Recently I was reading the “Building Consistent Transaction with Inconsistent Replication” paper. In this paper authors use inconsistently replicated state machine, but yet they are capable of creating a consistent transaction system. So what is Inconsistent Replication (IR)?
In the previous posts I summarized Raft and EPaxos. These two algorithms are used to achieve consensus in the distributed system, so for example when we deal with replicated state machines, these algorithms allow each replica to be an exact, consistent copy of each other. So, it is logical to assume that Inconsistent Replication will not produce the same replicas all the time, so our state machines can end up in different states. Why would we want to have a replicated state machine with various copies potentially being in different states? According to the authors of the paper it is faster than consistent replication, yet can still be used in some applications, such as transaction commit. I think the usage of IR will not be as straightforward as using consistent replications, since users of IR must also design their applications in such a way that tolerates the inconsistent state of the nodes.
IR does not guarantee the order in which each command is executed by replicas, thus replicas can reach different states unless the operations are independent of each other. The figure below illustrates hot this can happen.
Figure 1. Replicas in inconsistent state. (a) Two requests C1 and C2 are being sent to replicas at the same, but the requests reach replicas in different orders. (b) Requests are logged and executed in the order they have been received leading to an inconsistent state.
Since replicas can be in different states, IR cannot guarantee that recovering from failures can preserve the value or the states of each recovered operation. Because of this, IR has two types of guarantees it can provide upon recovering from a failure. If a client does not need to have an ability to recover the value of each operation, it can use IR in an inconsistent operation mode that only guarantees the recovery of only the fact that an operation occurred for up to f failures in a system of 2f+1 replicas. Inconsistent operation mode does not allow to recover the value of the operation. In consensus operation mode, IR can preserve both the command and a result of such command for up to f failures. In this mode, the result of an operation is the result a majority of replicas report for such operation, if such majority exist. Consensus operation may fail if not enough replicas report the same result for the operation, in which case IR protocol retries. Consensus operations also need to have floor(3/2f)+1 replicas agree to be finalized. IR protocol will also retry the operation until it finalizes. It seems like only finalized consensus operation can be recovered with the results of the operation, and not all consensus operation can be finalized since they can timeout after getting the majority but before reaching the consensus on floor(3/2f)+1 replicas.

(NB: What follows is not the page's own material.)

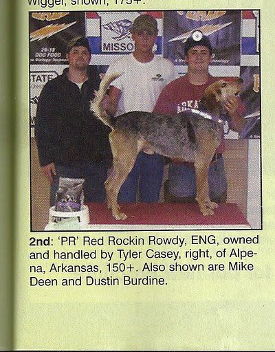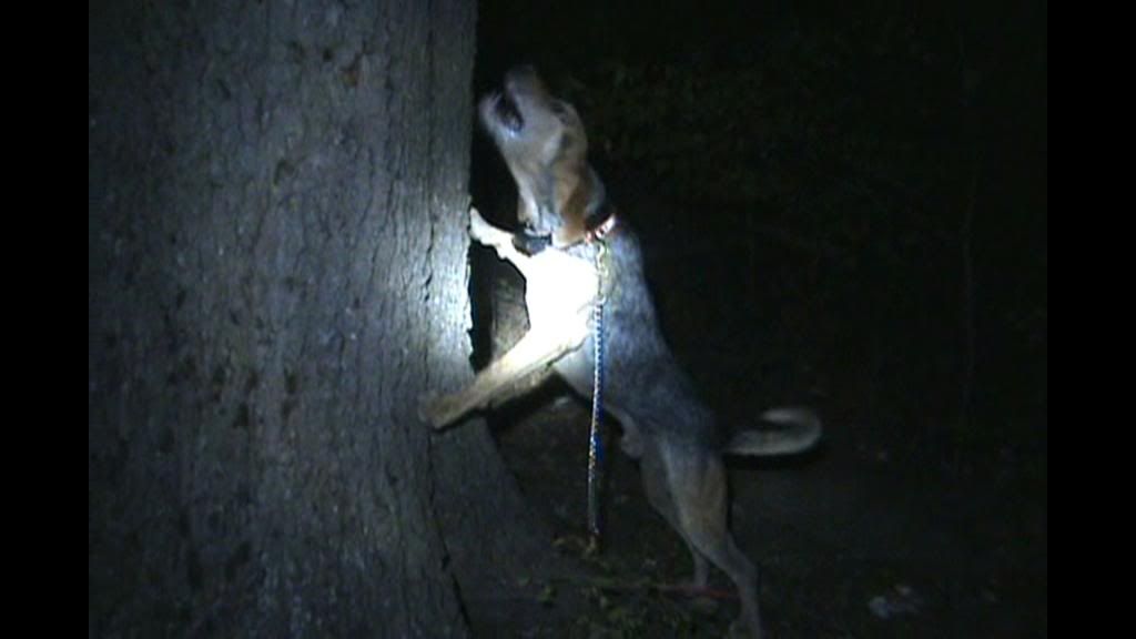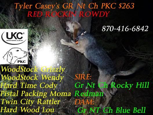 Rowdy is a tough hard going dog that will go the distance to get a coon treed. He is an honest strike usually taking second or third with honest company. Rowdy is almost always a first tree dog and will be by himself the majority of the time. He has a loud bawl on track and comes on a tree with two dying locates and rolls over to a steady 100 to 110 bpm. He is a slobber mouthed classy tree dog who will stay treed all night and is not ill or doesn't jack the tree.

This notion of retrying the operations until they eventually succeed makes me question whether it is a good solution especially under various kinds of loads. If the system deals with mostly independent requests it may not be difficult to reach consensus in consensus operation mode, but if there are lot of contention between requests, the system may just be stuck retrying all the operations without doing much of a useful work.
I am not going mention IR recovery mechanism described in the paper, but it is worth noting that during the recovery the entire system blocks and stops responding to new requests. The process is initialized by a recovering replica communicating to all other nodes, and once each node learns that some other replica is recovering from a failure it stops processing the requests until the protocol is finished and normal operation can resume.